Task brief
Copy out the whole listing exactly as written, leaving the pictures behind.

Supplied information
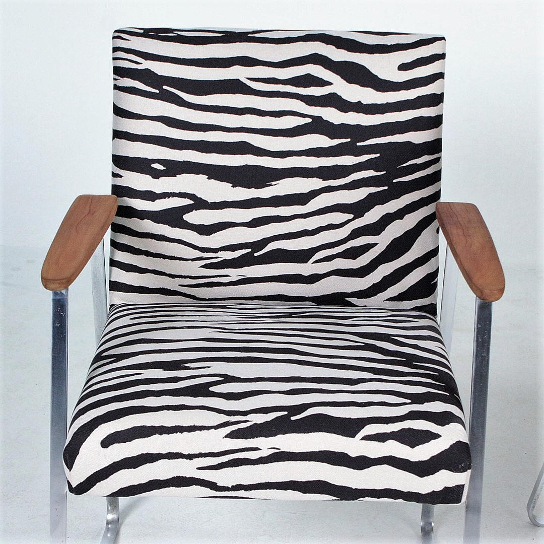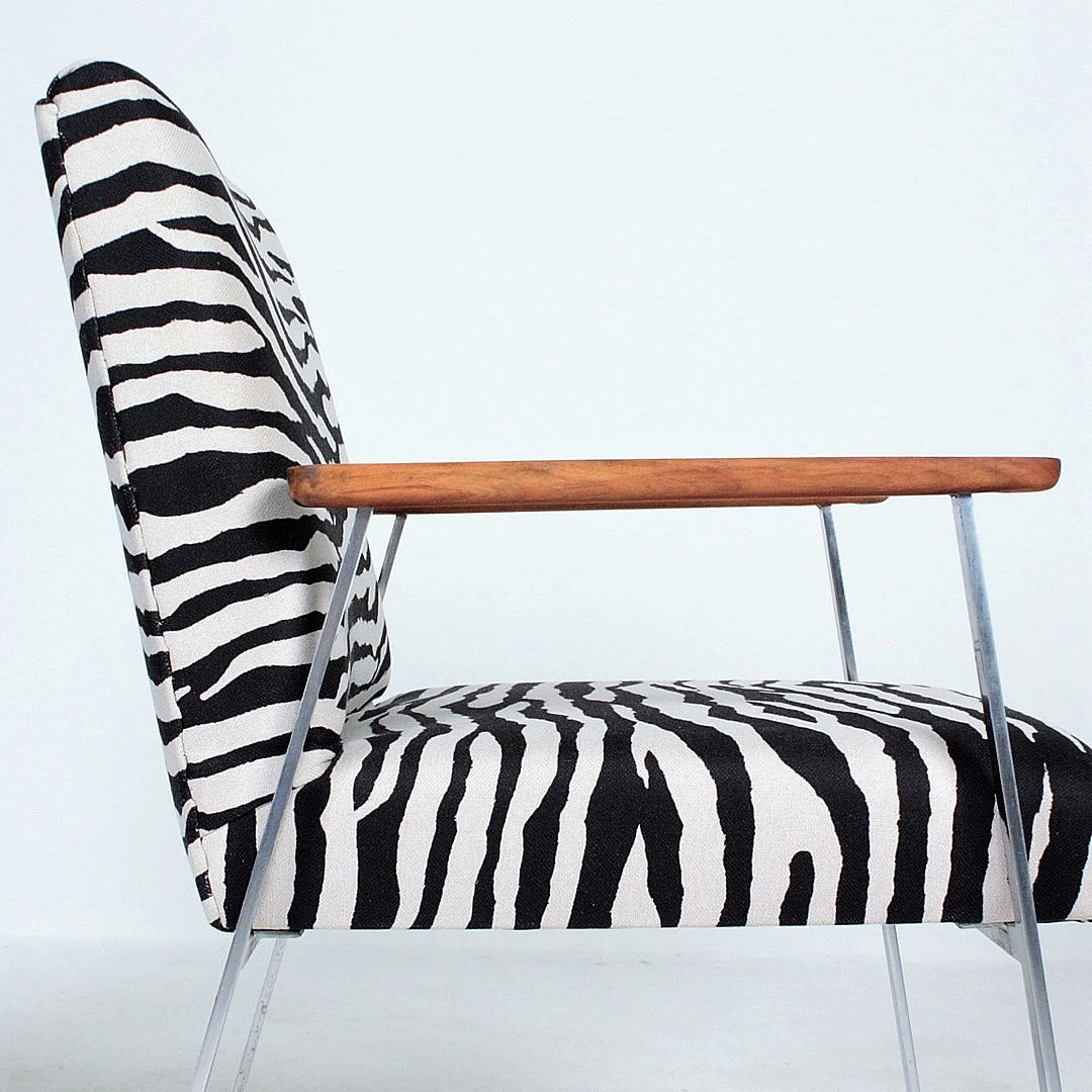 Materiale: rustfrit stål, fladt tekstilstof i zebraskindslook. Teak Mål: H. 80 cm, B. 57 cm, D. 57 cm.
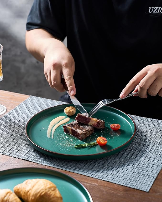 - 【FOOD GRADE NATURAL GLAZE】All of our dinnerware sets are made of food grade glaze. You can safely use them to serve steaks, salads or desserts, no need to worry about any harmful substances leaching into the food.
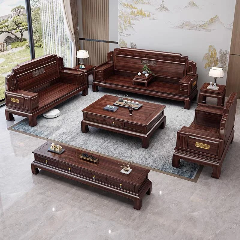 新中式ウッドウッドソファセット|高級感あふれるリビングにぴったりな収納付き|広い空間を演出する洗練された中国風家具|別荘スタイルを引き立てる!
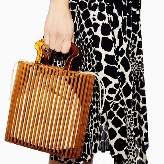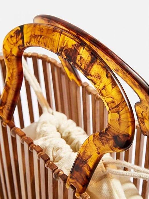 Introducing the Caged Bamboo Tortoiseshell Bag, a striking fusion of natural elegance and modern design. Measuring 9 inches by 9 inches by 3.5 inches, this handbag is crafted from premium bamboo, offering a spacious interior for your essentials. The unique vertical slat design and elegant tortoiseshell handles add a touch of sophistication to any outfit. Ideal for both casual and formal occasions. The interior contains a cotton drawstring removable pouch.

The completed task
 Materiale: rustfrit stål, fladt tekstilstof i zebraskindslook. Teak Mål: H. 80 cm, B. 57 cm, D. 57 cm.
 - 【FOOD GRADE NATURAL GLAZE】All of our dinnerware sets are made of food grade glaze. You can safely use them to serve steaks, salads or desserts, no need to worry about any harmful substances leaching into the food.
 新中式ウッドウッドソファセット|高級感あふれるリビングにぴったりな収納付き|広い空間を演出する洗練された中国風家具|別荘スタイルを引き立てる!
 Introducing the Caged Bamboo Tortoiseshell Bag, a striking fusion of natural elegance and modern design. Measuring 9 inches by 9 inches by 3.5 inches, this handbag is crafted from premium bamboo, offering a spacious interior for your essentials. The unique vertical slat design and elegant tortoiseshell handles add a touch of sophistication to any outfit. Ideal for both casual and formal occasions. The interior contains a cotton drawstring removable pouch.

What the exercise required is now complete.